Don’t be tempted to remove the thermostat altogether. When this is done, the water flow is unregulated and may circulate so quickly that the engine may never reach operating temperature. Removing the thermostat may even cost horsepower because more power is needed to operate the belt-driven water pump when the coolant circulates too quickly.
Fan Fare
Most musclecars were factory-equipped with either a direct-drive multi-blade mechanical fan or a mechanical fan with a clutch drive. Both these systems may work reasonably well on musclecars that retain the original displacement or power levels. If bigger displacement or more power is produced from the engine, an improved fan system may offer improved cooling efficiency at low vehicle speeds. Flex fans can provide better airflow at low vehicle speeds because the fan blades retain a sharp pitch that produces increased airflow at there rpm. At above 5,000 rpm, however, the blades will flex into a straighter position and can produce vibration from air turbulence.
With any fan system, a good shroud should be used to funnel the air away from the radiator core. We’ve tested cars with and without fan shrouds and found huge increases in coolant temperature without a shroud, especially when the vehicle is operated in slow traffic or at a standstill.
Electric fans offer a great alternative to mechanically driven fans if original appearance is not a concern. The best location for an electric fan is on the pulling side (engine side) of the radiator. If an electric fan is placed in front of the radiator, it may block the flow of incoming air.
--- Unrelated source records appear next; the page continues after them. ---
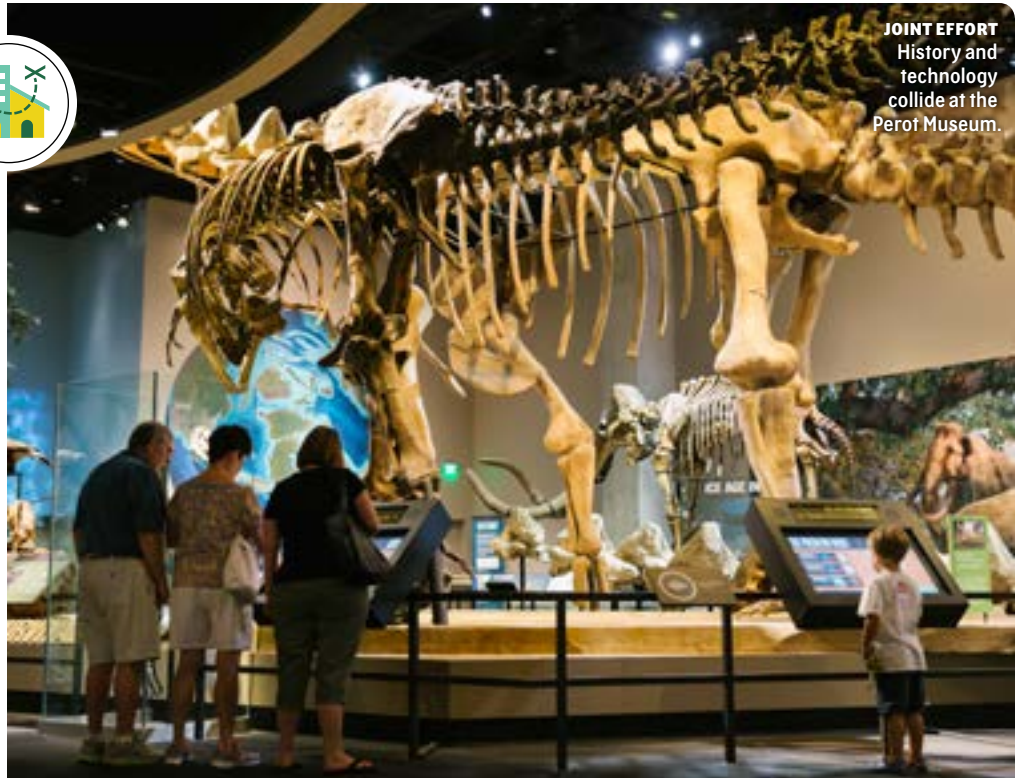
JOINT EFFORT History and technology collide at the Perot Museum.

This 50-story icon is topped with a web-like dome, home to an observation deck and a Wolfgang Puck restaurant. reuniontower.com Dallas Arts District See more buildings designed by Pritzker Prize winners in one contiguous location than anywhere else in the world. thedallasartsdistrict.org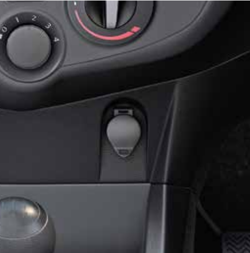
12V ACCESSORY SOCKET Makes on-the-go charging of mobile phones and laptops easier for driver and customers.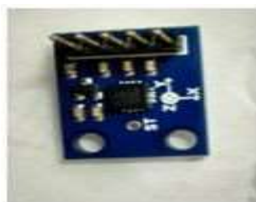
Figure 3 (a) Accelerometer front side

Accelerometer is a device which can sense and convert the acceleration into the voltage using piezoelectric effect. The quartz crystals present inside the accelerometer sense the slightest change in the acceleration and there by change in the voltage will be obtained. The output obtained can be of digital or analog type. [8] The accelerometer ADXL-335 of low power 3- axis with a range of +/- 3g is used in this work. Its dimensions are 4mm x 4 mm x 1.45 mm.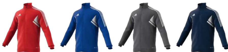
HA6250 12/01/21 HB0005 12/01/21 HD2286 12/01/21 HA6249 12/01/21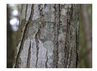
Bark of a healthy tree (very rare)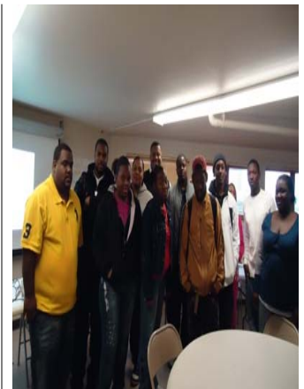
“TIES that Bind” Mentoring Participants

September, 2009 Fowler’s Mill Golf Course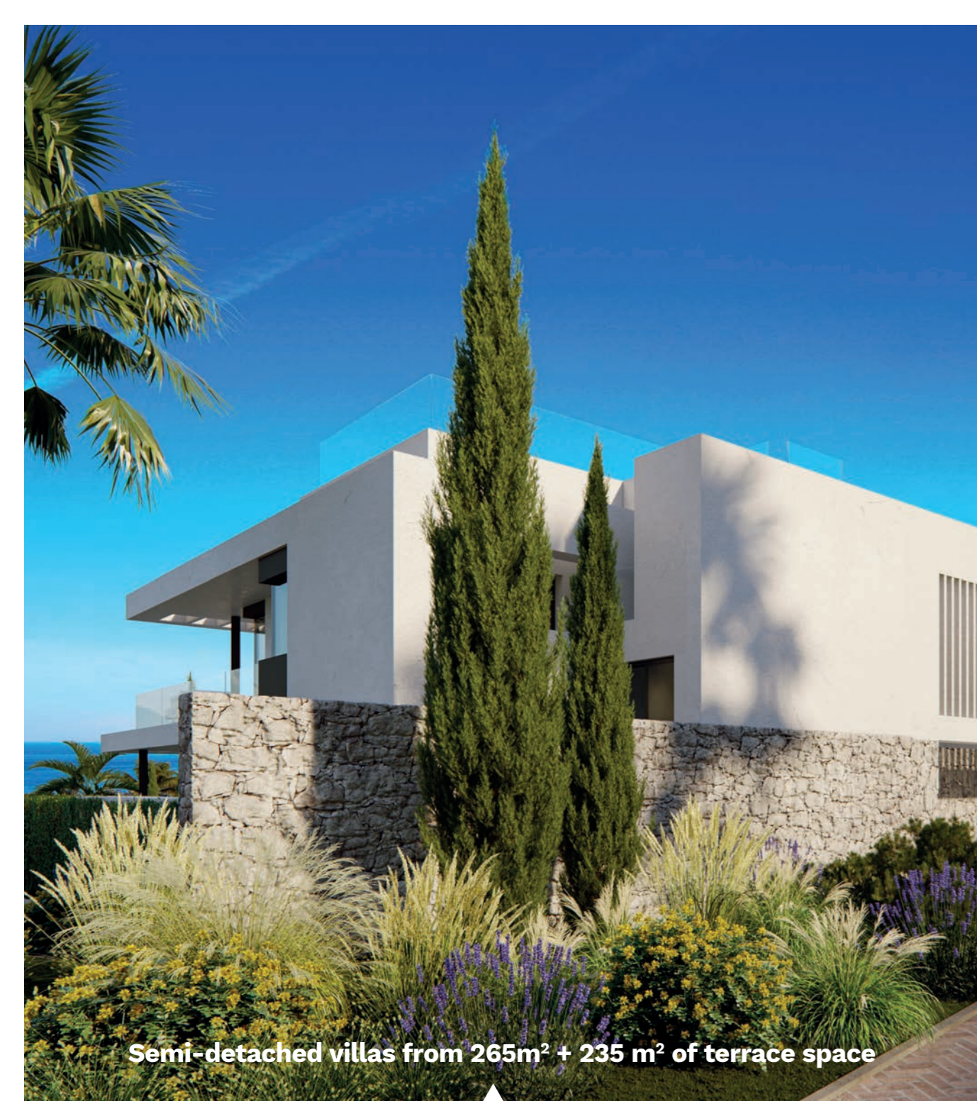
Semi-detached villas from 265m 2 + 235 m 2 of terrace space

Unlike mechanical fans, electric fans do not tax engine power to operate.
Water vs. Antifreeze
For street-driven cars, it’s best to use a blend of antifreeze and water to protect the engine from freeze damage. But for the ultimate cooling efficiency, straight water has 2.4 times greater thermal conductivity and a better heat transfer rate than an antifreeze solution because water is less viscous. If you do elect to run straight water, be sure to add a container of antirust to the system. Of course, use the trick only in areas where freezing will never be encountered, otherwise you risk damaging your engine.